====== Exercise data ======

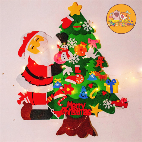 Đồ chơi làm và trang trí cây thông Noel bằng vải dạ treo tường - Set Cây thông Noel và Ông già Noel [Tặng kèm bộ đèn nhấp nháy treo cây]
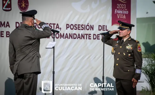 Culiacán, Sin., a 02 de octubre de 2023.- El alcalde Juan de Dios Gámez Mendívil, asistió a la ceremonia de toma de protesta y cargo del Gral. De Brigada D.E.M. Porfirio Fuentes Vélez como Comandante de la 9/a. Zona Militar, con el propósito de fortalecer la colaboración interinstitucional para trabajar en la seguridad pública de la ciudad.
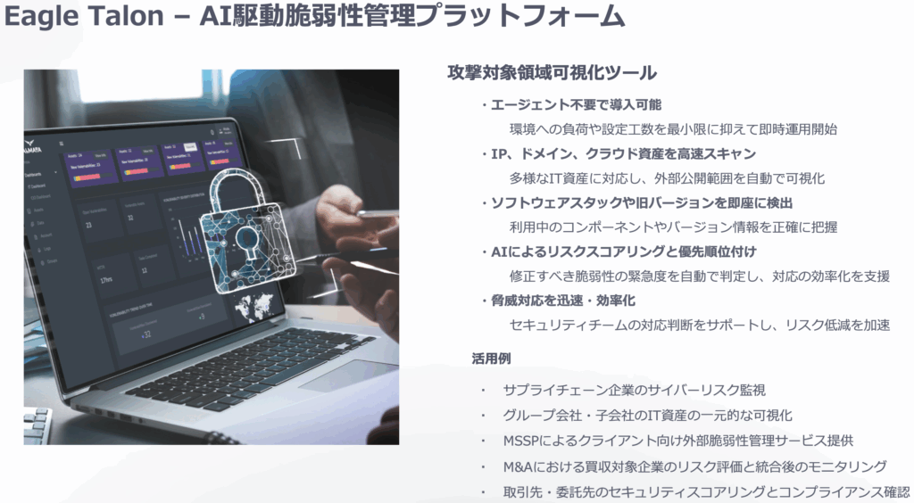 SaaSソリューション「Eagle」の開発・提供: 中小企業やMSP向けに、セキュリティ強化と運用効率の向上を実現するSaaSプラットフォームです。AI技術と専門家による実践的なサポートを融合させ、24時間365日のプロアクティブな監視、実用的な分析情報、個別の状況に応じたアドバイスを提供します。​
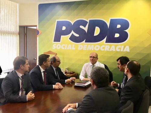 Dirigentes classistas que participam da Frente Associativa da Magistratura e do Ministério Público (Frentas) foram recebidos nesta quarta-feira (31) pelo senador Paulo Bauer (PSDB/SC), no gabinete da liderança do PSDB. O presidente da CONAMP, Victor Hugo Azevedo, o 1º vice-presidente, Manoel Murrieta, e o presidente da Associação Catarinense do Ministério Público (ACMP), Luciano Nascheweng, participaram da reunião.

======

• [Try it]: Exactly repeat the data above; the pictures do not belong in your copy.

• [Answer section]:
 Đồ chơi làm và trang trí cây thông Noel bằng vải dạ treo tường - Set Cây thông Noel và Ông già Noel [Tặng kèm bộ đèn nhấp nháy treo cây]
 Culiacán, Sin., a 02 de octubre de 2023.- El alcalde Juan de Dios Gámez Mendívil, asistió a la ceremonia de toma de protesta y cargo del Gral. De Brigada D.E.M. Porfirio Fuentes Vélez como Comandante de la 9/a. Zona Militar, con el propósito de fortalecer la colaboración interinstitucional para trabajar en la seguridad pública de la ciudad.
 SaaSソリューション「Eagle」の開発・提供: 中小企業やMSP向けに、セキュリティ強化と運用効率の向上を実現するSaaSプラットフォームです。AI技術と専門家による実践的なサポートを融合させ、24時間365日のプロアクティブな監視、実用的な分析情報、個別の状況に応じたアドバイスを提供します。​
 Dirigentes classistas que participam da Frente Associativa da Magistratura e do Ministério Público (Frentas) foram recebidos nesta quarta-feira (31) pelo senador Paulo Bauer (PSDB/SC), no gabinete da liderança do PSDB. O presidente da CONAMP, Victor Hugo Azevedo, o 1º vice-presidente, Manoel Murrieta, e o presidente da Associação Catarinense do Ministério Público (ACMP), Luciano Nascheweng, participaram da reunião.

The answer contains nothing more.